DATASET EXCERPTS: Begin
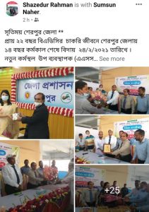 কৃষিবিদ মো. সাজেদুর রহমান বিদায় সংবর্ধনা নিয়ে নতুন কর্মস্থলে পৌঁছে শেরপুর জেলায় তাঁর কর্মজীবনের কিছু স্মৃতিময় লেখা ফেইসবুকে প্রকাশ করেছেন। নিচে তাঁর আবেগময় লেখাটুকু হুবহু তুলে দেওয়া হলো।
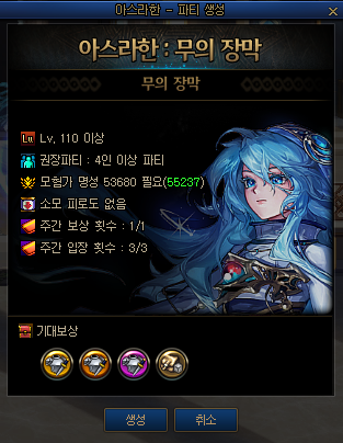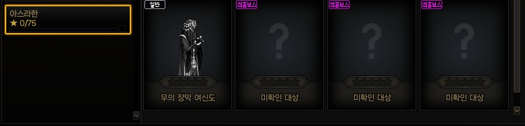 | 추가 | 아스라한 : 무의 장막 클리어 |
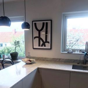 Stort och socialt kök med all utrustning, dvs. ugn, micro, diskmaskin.
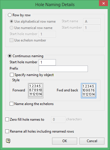Select this option to use continuous naming when assigning the hole names. You will be required to specify the start hole number and prefix, as well as select the naming style.
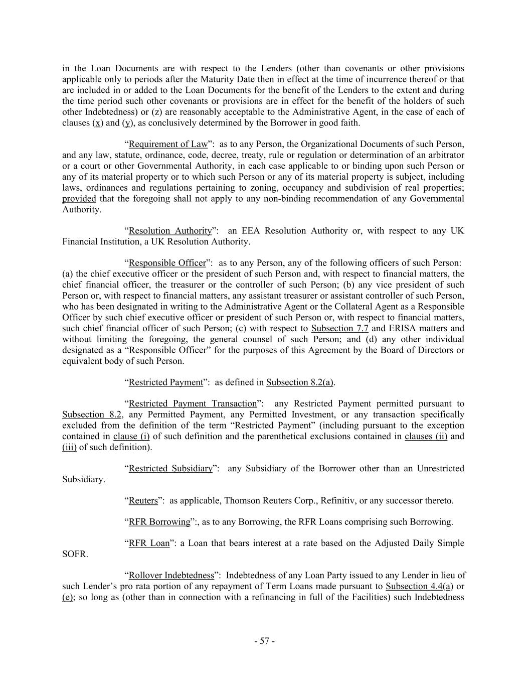 in the Loan Documents are with respect to the Lenders (other than covenants or other provisions applicable only to periods after the Maturity Date then in effect at the time of incurrence thereof or that are included in or added to the Loan Documents for the benefit of the Lenders to the extent and during the time period such other covenants or provisions are in effect for the benefit of the holders of such other Indebtedness) or (z) are reasonably acceptable to the Administrative Agent, in the case of each of clauses (x) and (y), as conclusively determined by the Borrower in good faith. “Requirement of Law”: as to any Person, the Organizational Documents of such Person, and any law, statute, ordinance, code, decree, treaty, rule or regulation or determination of an arbitrator or a court or other Governmental Authority, in each case applicable to or binding upon such Person or any of its material property or to which such Person or any of its material property is subject, including laws, ordinances and regulations pertaining to zoning, occupancy and subdivision of real properties; provided that the foregoing shall not apply to any non-binding recommendation of any Governmental Authority. “Resolution Authority”: an EEA Resolution Authority or, with respect to any UK Financial Institution, a UK Resolution Authority. “Responsible Officer”: as to any Person, any of the following officers of such Person: (a) the chief executive officer or the president of such Person and, with respect to financial matters, the chief financial officer, the treasurer or the controller of such Person; (b) any vice president of such Person or, with respect to financial matters, any assistant treasurer or assistant controller of such Person, who has been designated in writing to the Administrative Agent or the Collateral Agent as a Responsible Officer by such chief executive officer or president of such Person or, with respect to financial matters, such chief financial officer of such Person; (c) with respect to Subsection 7.7 and ERISA matters and without limiting the foregoing, the general counsel of such Person; and (d) any other individual designated as a “Responsible Officer” for the purposes of this Agreement by the Board of Directors or equivalent body of such Person. “Restricted Payment”: as defined in Subsection 8.2(a). “Restricted Payment Transaction”: any Restricted Payment permitted pursuant to Subsection 8.2, any Permitted Payment, any Permitted Investment, or any transaction specifically excluded from the definition of the term “Restricted Payment” (including pursuant to the exception contained in clause (i) of such definition and the parenthetical exclusions contained in clauses (ii) and (iii) of such definition). “Restricted Subsidiary”: any Subsidiary of the Borrower other than an Unrestricted Subsidiary. “Reuters”: as applicable, Thomson Reuters Corp., Refinitiv, or any successor thereto. “RFR Borrowing”:, as to any Borrowing, the RFR Loans comprising such Borrowing. “RFR Loan”: a Loan that bears interest at a rate based on the Adjusted Daily Simple SOFR. “Rollover Indebtedness”: Indebtedness of any Loan Party issued to any Lender in lieu of such Lender’s pro rata portion of any repayment of Term Loans made pursuant to Subsection 4.4(a) or (e); so long as (other than in connection with a refinancing in full of the Facilities) such Indebtedness - 57 -
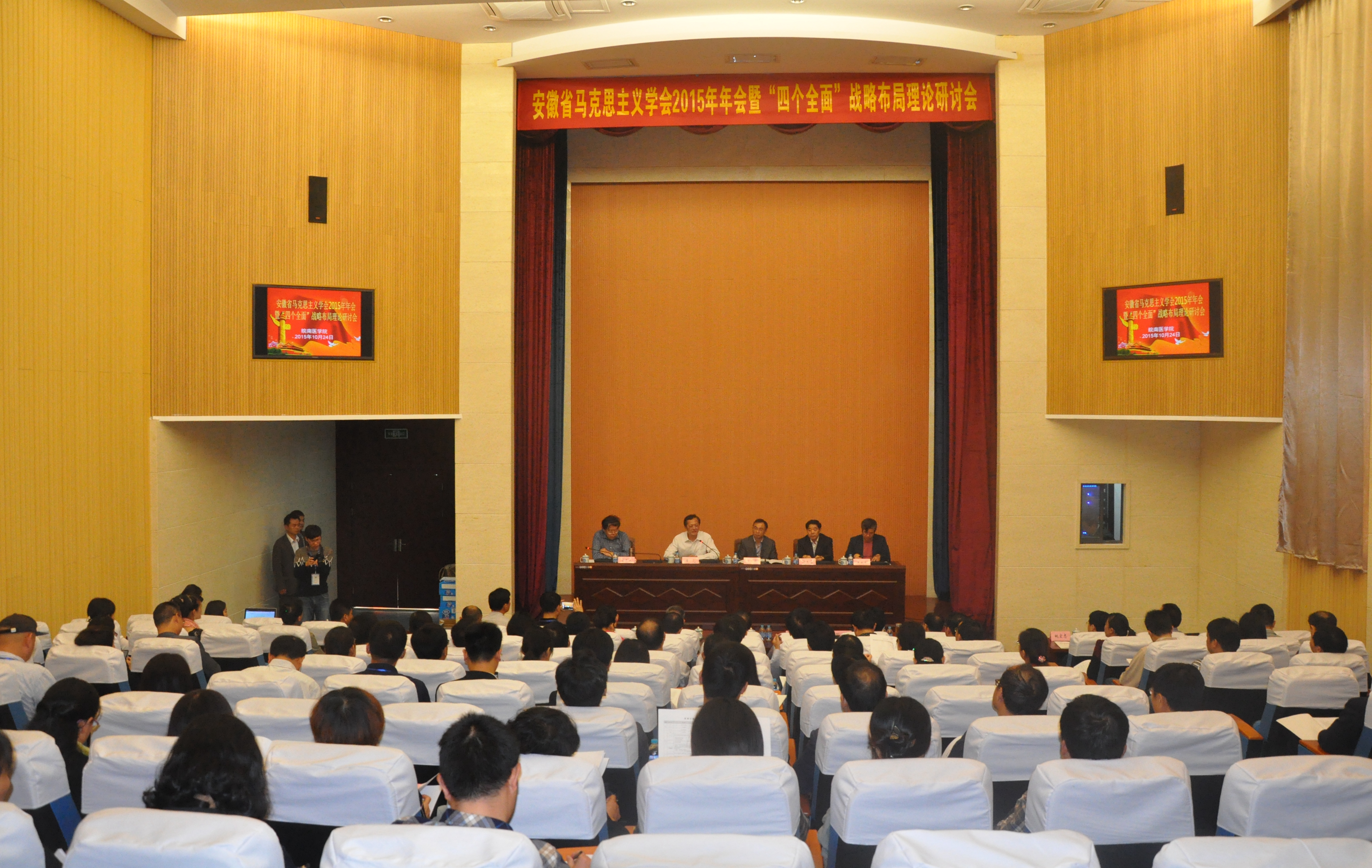 10月23日—24日,安徽省马克思主义学会2015年年会暨“四个全面”战略布局理论研讨会在皖南医学院召开,思政部全体教师全力配合学校做好大会筹办工作,在会议期间认真聆听了安徽省社科院邸乘光研究员、陆军军官学院鲁世山教授、安徽师范大学汪盛玉老师等专家学者的精彩报告,积极参与学术研讨和交流,思政部郭玉琼老师代表皖南医学院作学术交流发言。会上增补王军为该学会常务理事。
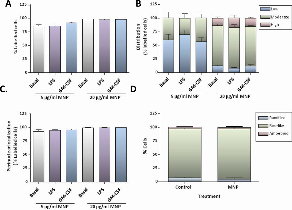 In the absence of exogenous stimulators, the majority of OX-42 positive cells exhibited an elongated or rod-like appearance. Treatment of cultures with 100 ng/mL LPS for 24 h resulted in a marked increase in the proportion of OX-42 positive cells with rounded or amoeboid morphologies, consistent with activation. Marked changes in cell morphology were not observed in cultures pre-treated with 25 ng/mL GM-CSF for 24 h. The uptake of MNPs by microglia was not affected by pre-treatment of cultures with LPS or GM-CSF, as judged from the proportion of labelled OX-42 positive cells (Figure 4A), the extent of particle accumulation (Figure 4B) and the proportion of labelled cells displaying particles with a perinuclear localization (Figure 4C). Additionally, incubation of cells in basal medium with 20 μg/mL MNPs for 24 h had no effect on microglial morphology (Figure 4D).
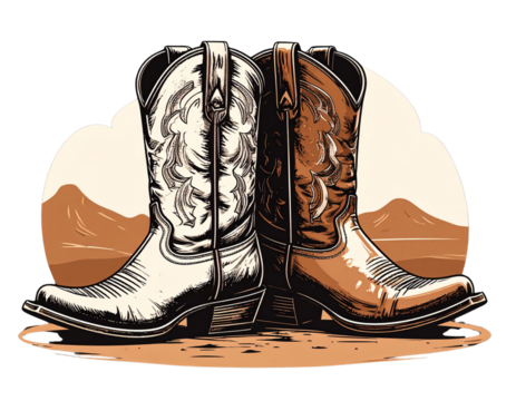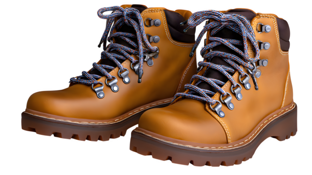 Pair of rugged men? hiking boots in tan leather, side and 3/4 views, isolated on white,
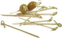 (More customer reviews)I love these little bamboo knot cocktail pics. I've seen them in very nice bars. They're perfect for skewering olives in martinis, cherries in manhattans, etc. Sleek & interesting looking - they're almost elegant. They're also biodegradable and bamboo is a renewable resource. I've seen them at about $3 - $5 /100, but sadly, shipping usually makes them too pricey so I stick to toothpicks for groups. If you're looking for a cool set of picks to re-use instead, these are my favorites:Amco Stainless-Steel Cocktail Picks, Set of 4
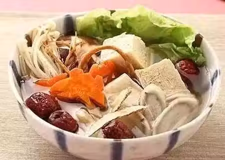 2、取一湯鍋放入800cc水煮滾,放入作法1的所有材料煮滾,續放入藥材,加蓋以小火燜煮5-6分鐘,加入調味料拌勻即可。
DATASET EXCERPTS: End
§ YOUR INSTRUCTIONS
All of the entries need to be copied exactly, minus any pictures.

§ WRITTEN RESPONSE
 কৃষিবিদ মো. সাজেদুর রহমান বিদায় সংবর্ধনা নিয়ে নতুন কর্মস্থলে পৌঁছে শেরপুর জেলায় তাঁর কর্মজীবনের কিছু স্মৃতিময় লেখা ফেইসবুকে প্রকাশ করেছেন। নিচে তাঁর আবেগময় লেখাটুকু হুবহু তুলে দেওয়া হলো।
 | 추가 | 아스라한 : 무의 장막 클리어 |
 Stort och socialt kök med all utrustning, dvs. ugn, micro, diskmaskin.
Select this option to use continuous naming when assigning the hole names. You will be required to specify the start hole number and prefix, as well as select the naming style.
 in the Loan Documents are with respect to the Lenders (other than covenants or other provisions applicable only to periods after the Maturity Date then in effect at the time of incurrence thereof or that are included in or added to the Loan Documents for the benefit of the Lenders to the extent and during the time period such other covenants or provisions are in effect for the benefit of the holders of such other Indebtedness) or (z) are reasonably acceptable to the Administrative Agent, in the case of each of clauses (x) and (y), as conclusively determined by the Borrower in good faith. “Requirement of Law”: as to any Person, the Organizational Documents of such Person, and any law, statute, ordinance, code, decree, treaty, rule or regulation or determination of an arbitrator or a court or other Governmental Authority, in each case applicable to or binding upon such Person or any of its material property or to which such Person or any of its material property is subject, including laws, ordinances and regulations pertaining to zoning, occupancy and subdivision of real properties; provided that the foregoing shall not apply to any non-binding recommendation of any Governmental Authority. “Resolution Authority”: an EEA Resolution Authority or, with respect to any UK Financial Institution, a UK Resolution Authority. “Responsible Officer”: as to any Person, any of the following officers of such Person: (a) the chief executive officer or the president of such Person and, with respect to financial matters, the chief financial officer, the treasurer or the controller of such Person; (b) any vice president of such Person or, with respect to financial matters, any assistant treasurer or assistant controller of such Person, who has been designated in writing to the Administrative Agent or the Collateral Agent as a Responsible Officer by such chief executive officer or president of such Person or, with respect to financial matters, such chief financial officer of such Person; (c) with respect to Subsection 7.7 and ERISA matters and without limiting the foregoing, the general counsel of such Person; and (d) any other individual designated as a “Responsible Officer” for the purposes of this Agreement by the Board of Directors or equivalent body of such Person. “Restricted Payment”: as defined in Subsection 8.2(a). “Restricted Payment Transaction”: any Restricted Payment permitted pursuant to Subsection 8.2, any Permitted Payment, any Permitted Investment, or any transaction specifically excluded from the definition of the term “Restricted Payment” (including pursuant to the exception contained in clause (i) of such definition and the parenthetical exclusions contained in clauses (ii) and (iii) of such definition). “Restricted Subsidiary”: any Subsidiary of the Borrower other than an Unrestricted Subsidiary. “Reuters”: as applicable, Thomson Reuters Corp., Refinitiv, or any successor thereto. “RFR Borrowing”:, as to any Borrowing, the RFR Loans comprising such Borrowing. “RFR Loan”: a Loan that bears interest at a rate based on the Adjusted Daily Simple SOFR. “Rollover Indebtedness”: Indebtedness of any Loan Party issued to any Lender in lieu of such Lender’s pro rata portion of any repayment of Term Loans made pursuant to Subsection 4.4(a) or (e); so long as (other than in connection with a refinancing in full of the Facilities) such Indebtedness - 57 -
 10月23日—24日,安徽省马克思主义学会2015年年会暨“四个全面”战略布局理论研讨会在皖南医学院召开,思政部全体教师全力配合学校做好大会筹办工作,在会议期间认真聆听了安徽省社科院邸乘光研究员、陆军军官学院鲁世山教授、安徽师范大学汪盛玉老师等专家学者的精彩报告,积极参与学术研讨和交流,思政部郭玉琼老师代表皖南医学院作学术交流发言。会上增补王军为该学会常务理事。
 In the absence of exogenous stimulators, the majority of OX-42 positive cells exhibited an elongated or rod-like appearance. Treatment of cultures with 100 ng/mL LPS for 24 h resulted in a marked increase in the proportion of OX-42 positive cells with rounded or amoeboid morphologies, consistent with activation. Marked changes in cell morphology were not observed in cultures pre-treated with 25 ng/mL GM-CSF for 24 h. The uptake of MNPs by microglia was not affected by pre-treatment of cultures with LPS or GM-CSF, as judged from the proportion of labelled OX-42 positive cells (Figure 4A), the extent of particle accumulation (Figure 4B) and the proportion of labelled cells displaying particles with a perinuclear localization (Figure 4C). Additionally, incubation of cells in basal medium with 20 μg/mL MNPs for 24 h had no effect on microglial morphology (Figure 4D).
 Pair of rugged men? hiking boots in tan leather, side and 3/4 views, isolated on white,
 (More customer reviews)I love these little bamboo knot cocktail pics. I've seen them in very nice bars. They're perfect for skewering olives in martinis, cherries in manhattans, etc. Sleek & interesting looking - they're almost elegant. They're also biodegradable and bamboo is a renewable resource. I've seen them at about $3 - $5 /100, but sadly, shipping usually makes them too pricey so I stick to toothpicks for groups. If you're looking for a cool set of picks to re-use instead, these are my favorites:Amco Stainless-Steel Cocktail Picks, Set of 4
 2、取一湯鍋放入800cc水煮滾,放入作法1的所有材料煮滾,續放入藥材,加蓋以小火燜煮5-6分鐘,加入調味料拌勻即可。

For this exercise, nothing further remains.